Other possible flags are:
1#define CLOCK_SOURCE_IS_CONTINUOUS 0x01
2#define CLOCK_SOURCE_MUST_VERIFY 0x02
3
4#define CLOCK_SOURCE_WATCHDOG 0x10
5#define CLOCK_SOURCE_VALID_FOR_HRES 0x20
6#define CLOCK_SOURCE_UNSTABLE 0x40
7#define CLOCK_SOURCE_SUSPEND_NONSTOP 0x80
8#define CLOCK_SOURCE_RESELECT 0x100
9#define CLOCK_SOURCE_VERIFY_PERCPU 0x200
mfoc_clocksource_read
1static u64 notrace mfoc_clocksource_read_cnt(void)
2{
3 u32 time_in_us;
4
5 iowrite16(0x0001, mfoc->regs + SYSREADTRIG);
6 ndelay(400);
7
8 time_in_us = ioread16(mfoc->regs + SYSTIMLO);
9 time_in_us |= ioread16(mfoc->regs + SYSTIMHI) << 16;
10
11 return (time_in_us);
12}
13
14static u64 notrace mfoc_clocksource_read(struct clocksource *cs)
15{
16 return mfoc_clocksource_read_cnt();
17}
These are callback functions used by the clocksource and sched_clock. It writes 0x1 to SYSREADTRIG to lock the counter values and then read the system time.

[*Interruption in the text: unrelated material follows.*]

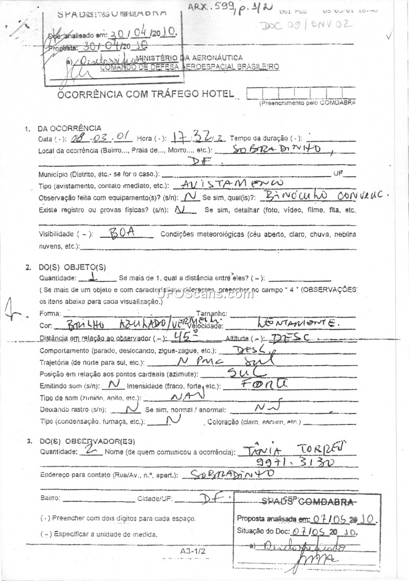 This document is a formal sighting report filed with the Brazilian Aerospace Defense Command (COMDABRA) regarding an unidentified aerial phenomenon observed on March 8, 2001, in Sobradinho, Federal District, Brazil. The witness, identified as Tânia Torret, a physician, reported observing a single object at 17:32. The object was described as having a bluish/red color and was observed moving slowly in a trajectory from north to south while descending. The witness indicated that the observation was made without the use of equipment, although the form contains a note regarding binoculars. The report confirms that no physical evidence, photographs, or film were obtained, and there was no radar contact. The weather conditions at the time were reported as good with a clear sky. The report was received by an individual named Petronio at COMDABRA.

Full driver implementation
1// SPDX-License-Identifier: GPL-2.0
2/*
3 * MFOC System Timer clocksource
4 *
5 * Copyright (C) Marcus Folkesson <marcus.folkesson@gmail.com>
6 */
7
8#include <linux/clk.h>
9#include <linux/clocksource.h>
10#include <linux/of.h>
11#include <linux/platform_device.h>
12#include <linux/regmap.h>
13#include <linux/sched_clock.h>
14
15#define SYSREADTRIG (0x00)
16#define SYSTIMLO (0x04)
17#define SYSTIMHI (0x06)
18
19struct mfoc_clocksource {
20 void __iomem *regs;
21 struct clocksource cs;
22 struct clk *clk;
23};
24
25static struct mfoc_clocksource *mfoc;
26
27static u64 notrace mfoc_clocksource_read_cnt(void)
28{
29 u32 time_in_us;
30
31 iowrite16(0x0001, mfoc->regs + SYSREADTRIG);
32 ndelay(400);
33
34 time_in_us = ioread16(mfoc->regs + SYSTIMLO);
35 time_in_us |= ioread16(mfoc->regs + SYSTIMHI) << 16;
36
37 return (time_in_us);
38}
39
40static u64 notrace mfoc_clocksource_read(struct clocksource *cs)
41{
42 return mfoc_clocksource_read_cnt();
43}
44
45static int __init mfoc_clocksource_probe(struct platform_device *pdev)
46{
47 struct device *dev = &pdev->dev;
48 struct clocksource *cs;
49 unsigned long rate;
50 int err;
51
52 mfoc = devm_kzalloc(dev, sizeof(*mfoc), GFP_KERNEL);
53 if (!mfoc)
54 return -ENOMEM;
55
56 mfoc->regs = devm_platform_ioremap_resource(pdev, 0);
57 if (IS_ERR(mfoc->regs))
58 return PTR_ERR(mfoc->regs);
59
60
61 mfoc->clk = devm_clk_get_enabled(dev, "mfoc");
62 if (IS_ERR(mfoc->clk))
63 return PTR_ERR(mfoc->clk);
64
65 rate = clk_get_rate(mfoc->clk);
66
67 cs = &mfoc->cs;
68 cs->name = "mfoc";
69 cs->rating = 500;
70 cs->flags = CLOCK_SOURCE_IS_CONTINUOUS | CLOCK_SOURCE_SUSPEND_NONSTOP;
71 cs->mask = CLOCKSOURCE_MASK(32);
72 cs->read = mfoc_clocksource_read;
73
74 err = clocksource_register_hz(cs, rate);
75 if (err) {
76 dev_err(dev, "clocksource registration failed");
77 return err;
78 }
79
80 sched_clock_register(mfoc_clocksource_read_cnt, 32, rate);
81
82 return 0;
83}
84
85static const struct of_device_id mfoc_of_match[] = {
86 { .compatible = "mfoc,mfoc-clocksource", },
87 { }
88};
89
90static struct platform_driver mfoc_driver = {
91 .driver = {
92 .name = "mfoc-clocksource",
93 .of_match_table = mfoc_of_match,
94 },
95};
96builtin_platform_driver_probe(mfoc_driver, mfoc_probe);
Device tree node
The corresponding devicetree node:
1 mfocclock: mfocclock {
2 #clock-cells = <0>;
3 compatible = "fixed-clock";
4 clock-frequency = <1000000>;
5 };
6
7 mfoc-clocksource@640000e4 {
8 compatible = "mfoc,mfoc-clocksource";
9 reg = <0x640000e4 0x8>;
10 pinctrl-names = "default";
11 clocks = <&mfocclock>;
12 clock-names = "mfoc";
13 status = "okay";
14 };
Summary
We can verify that our clocksource is used by the Linux system by reading the current_clocksource from sysfs:
1$ cat /sys/devices/system/clocksource/clocksource0/available_clocksource
2mfoc tim34
3$ cat /sys/devices/system/clocksource/clocksource0/current_clocksource
4mfoc
Most clocksource drivers are quite simple, it's usually about reading a timer value and reporting back after all.